If you use this workflow make sure to keep track of the commands you use locally as this page will be updated over time (see "revisions" above for earlier versions).

Requirements

This workflow assumes that you have QIIME2 installed in a conda environment (the appropriate version matching the Illumina workflow you will continue) and that you also have the seqtk toolset installed in this environment.

This workflow also assumes that the input is raw Circular Consensus Sequencing (CCS) PacBio data in demultiplexed FASTQ format located within a folder called raw_data. The filenames can be almost anything you wish (contrary to most QIIME2 importing) since you are going to use a "manifest file" to list each file.

1. First steps

Steps 1.1 to 1.3

As per the Illumina amplicon SOP.

1.4 Activate QIIME 2 conda environment

You should run the rest of the workflow in a conda environment, which makes sure the correct version of the Python packages required by QIIME 2 are being used. You can activate this conda environment with this command (you may need to swap in source for conda if you get an error):

conda activate qiime2-2022.2

1.5 Import FASTQs as QIIME 2 artifact

The raw reads will be imported into the QIIME 2 "artifact" file format (with the extension QZA).

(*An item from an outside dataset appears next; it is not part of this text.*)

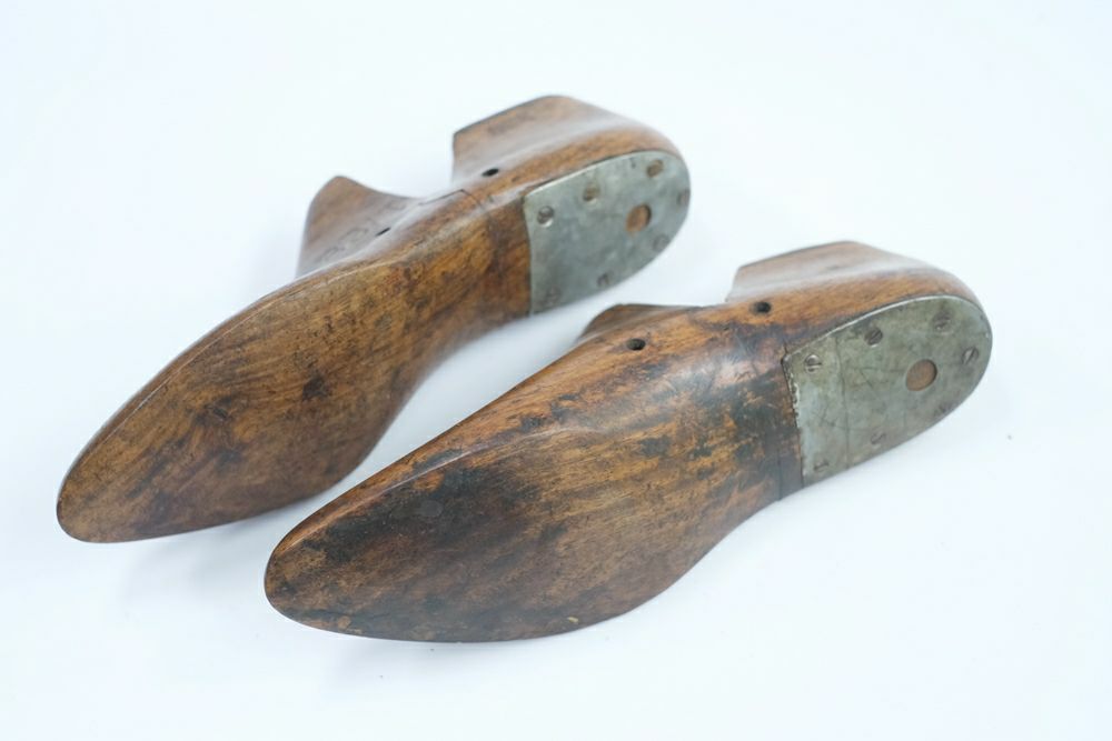 年月を経た古びた木や鉄の雰囲気が歴史を物語る、アンティークシューモールドの左右ペア
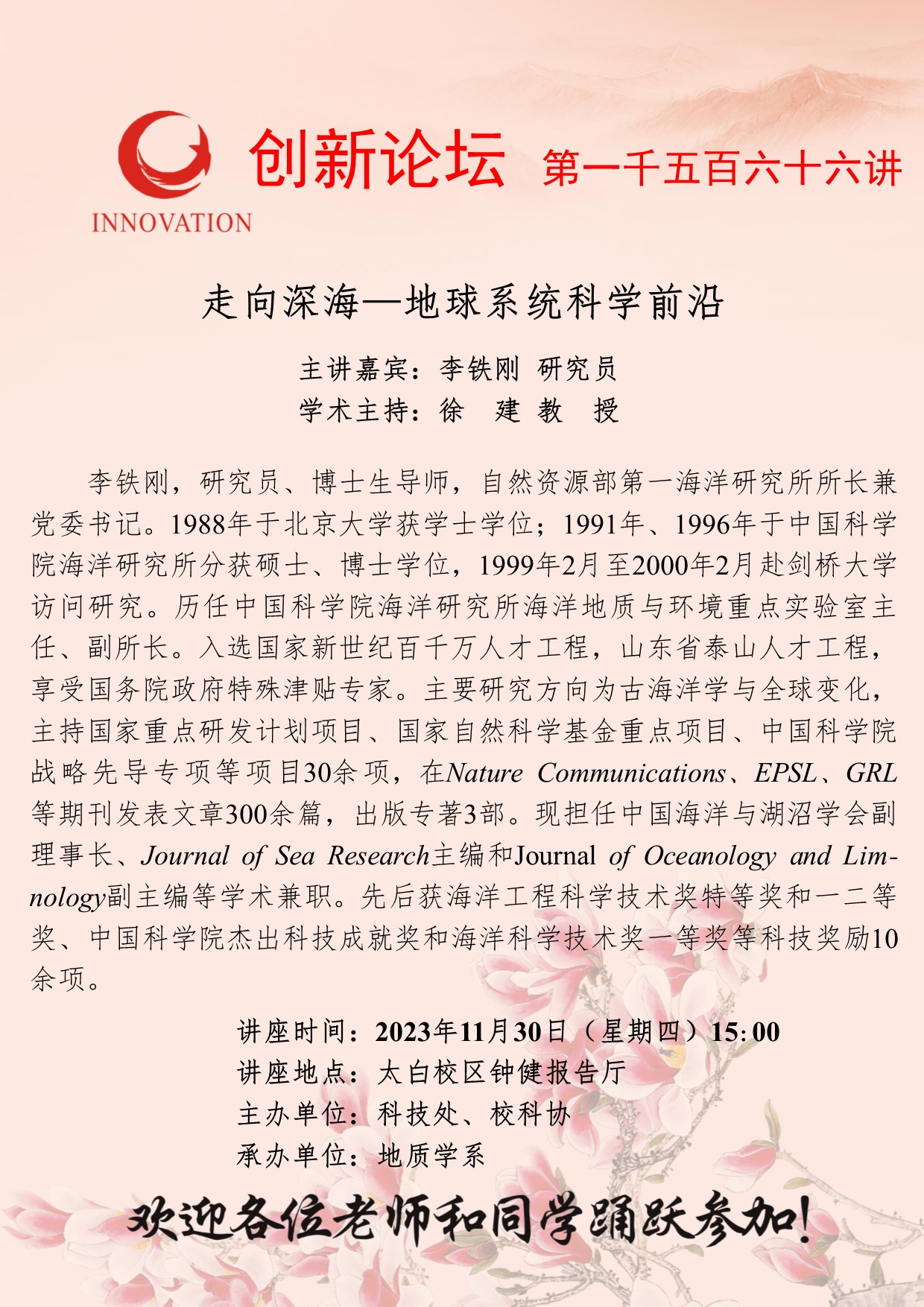 李铁刚 研究员 bat365正版唯一官网创新论坛第一千五百六十六讲:走向深海—地球系统科学前沿 讲座时间 2023年11月30日(星期四)15:00 讲座地点 太白校区钟健报告厅 讲座人介绍 李铁刚 研究员 讲座内容

The slight difference here compared to standard Illumina file importing is that you need to use a "manifest" file - consult the QIIME2 documentation about preparing it, but essentially it is just a tab-delimited text file containing the sample names + absolute path to each file in the raw_data/ folder we just made above.

cd raw_reads
gzip -d raw_data/*.fastq.gz
cd ..

mkdir reads_qza

qiime tools import \
    --type SampleData[SequencesWithQuality] \
    --input-path PacBioCCSmanifest.tsv \
    --output-path reads_qza/raw_reads.qza \
    --input-format SingleEndFastqManifestPhred33V2

1.6 Summarize trimmed FASTQs

You can run the demux summarize command after trimming the reads to get a report of the number of reads per sample and quality distribution across the reads. This generates a more basic output compared to FASTQC/MultiQC, but is sufficient for this step.

qiime demux summarize \
   --i-data reads_qza/raw_reads.qza \
   --o-visualization reads_qza/raw_reads_summary.qzv

2. Denoising the reads into amplicon sequence variants

At this stage, the main 2 pipelines you can use are based on either deblur or DADA2. Below we will describe the commands for running DADA2, which now supports PacBio reads, as Deblur may not work correctly since it does not currently have a PacBio mode.

2.1 Running DADA2

Run the DADA2 workflow to remove primers, correct reads and get amplicon sequence variants (ASVs). Note that we are not doing any form of initial quality filtering (unlike our Illumina SOP) or truncation in the below command due to the fact the CCS reads are already of very high quality when produced (99.9% consensus accuracy). You will probably also want to increase the number of threads used below to the maximum your system has available. If your PacBio data is not CCS in nature or you have used a lower consensus threshold (ie: <99%), then we would suggest you add in a quality-filter step. The below primers correspond to the full-length 16S (Bacteria-specific primer set).

mkdir dada2_output

qiime dada2 denoise-ccs --i-demultiplexed-seqs reads_qza/raw_reads.qza \
 --p-min-len 1200 --p-max-len 1800 \
 --p-front AGRGTTYGATYMTGGCTCAG --p-adapter RGYTACCTTGTTACGACTT \
 --p-n-threads 10 \
 --o-table dada2_ccs_output/table.qza \
 --o-representative-sequences dada2_ccs_output/representative_sequences.qza \
 --o-denoising-stats dada2_ccs_output/stats.qza \
 --verbose

Note we are using linked anchored adapters here to ensure only reads having the primers at the extremities are retained and a size-range of 1300-1800 nt to allow some indels (there should be relatively few in actuality), but prevent amplicon dimers (we've observed ~1% in PacBio CCS data) from passing through, since the size of the 16S amplicon here is ~1500 nt.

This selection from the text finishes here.